What you need to do
Each line of the data below between the one containing "固态电池市场正迎来爆发式增长" and the one containing "Kette Boho grau", both included, is to be repeated exactly. Please omit pictures.

Recorded data
■ ■ ■ ■ ■ ■ ■
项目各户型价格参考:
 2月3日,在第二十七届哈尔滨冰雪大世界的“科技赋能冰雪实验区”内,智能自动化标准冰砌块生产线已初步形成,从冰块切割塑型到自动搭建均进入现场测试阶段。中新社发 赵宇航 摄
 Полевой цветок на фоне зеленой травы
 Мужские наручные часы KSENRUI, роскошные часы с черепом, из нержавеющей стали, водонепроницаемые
■ ■ ■ ■ ■ ■ ■
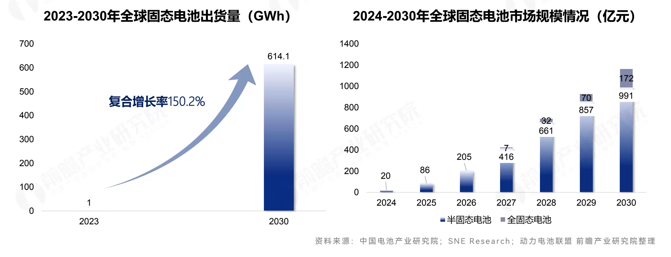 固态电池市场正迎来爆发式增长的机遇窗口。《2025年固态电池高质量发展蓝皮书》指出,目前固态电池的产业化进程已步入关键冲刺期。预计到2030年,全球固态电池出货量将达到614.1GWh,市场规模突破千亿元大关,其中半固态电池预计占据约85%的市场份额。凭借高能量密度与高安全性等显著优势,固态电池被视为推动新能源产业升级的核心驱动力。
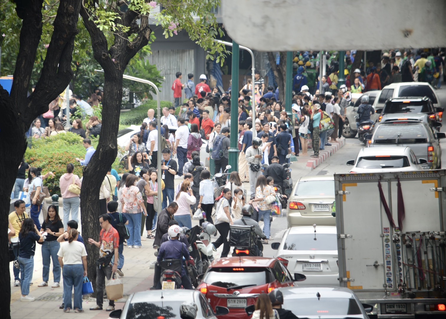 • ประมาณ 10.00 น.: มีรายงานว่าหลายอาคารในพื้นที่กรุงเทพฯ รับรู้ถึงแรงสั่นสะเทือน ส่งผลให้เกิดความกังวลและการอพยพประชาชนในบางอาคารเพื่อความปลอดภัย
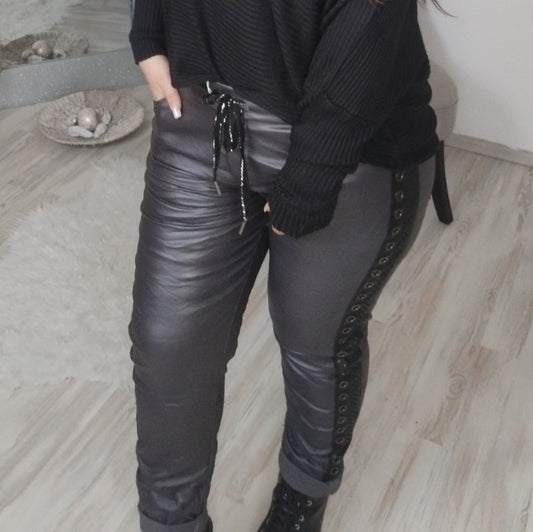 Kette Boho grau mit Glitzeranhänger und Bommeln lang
■ ■ ■ ■ ■ ■ ■
Your solution
 固态电池市场正迎来爆发式增长的机遇窗口。《2025年固态电池高质量发展蓝皮书》指出,目前固态电池的产业化进程已步入关键冲刺期。预计到2030年,全球固态电池出货量将达到614.1GWh,市场规模突破千亿元大关,其中半固态电池预计占据约85%的市场份额。凭借高能量密度与高安全性等显著优势,固态电池被视为推动新能源产业升级的核心驱动力。
 • ประมาณ 10.00 น.: มีรายงานว่าหลายอาคารในพื้นที่กรุงเทพฯ รับรู้ถึงแรงสั่นสะเทือน ส่งผลให้เกิดความกังวลและการอพยพประชาชนในบางอาคารเพื่อความปลอดภัย
 Kette Boho grau mit Glitzeranhänger und Bommeln lang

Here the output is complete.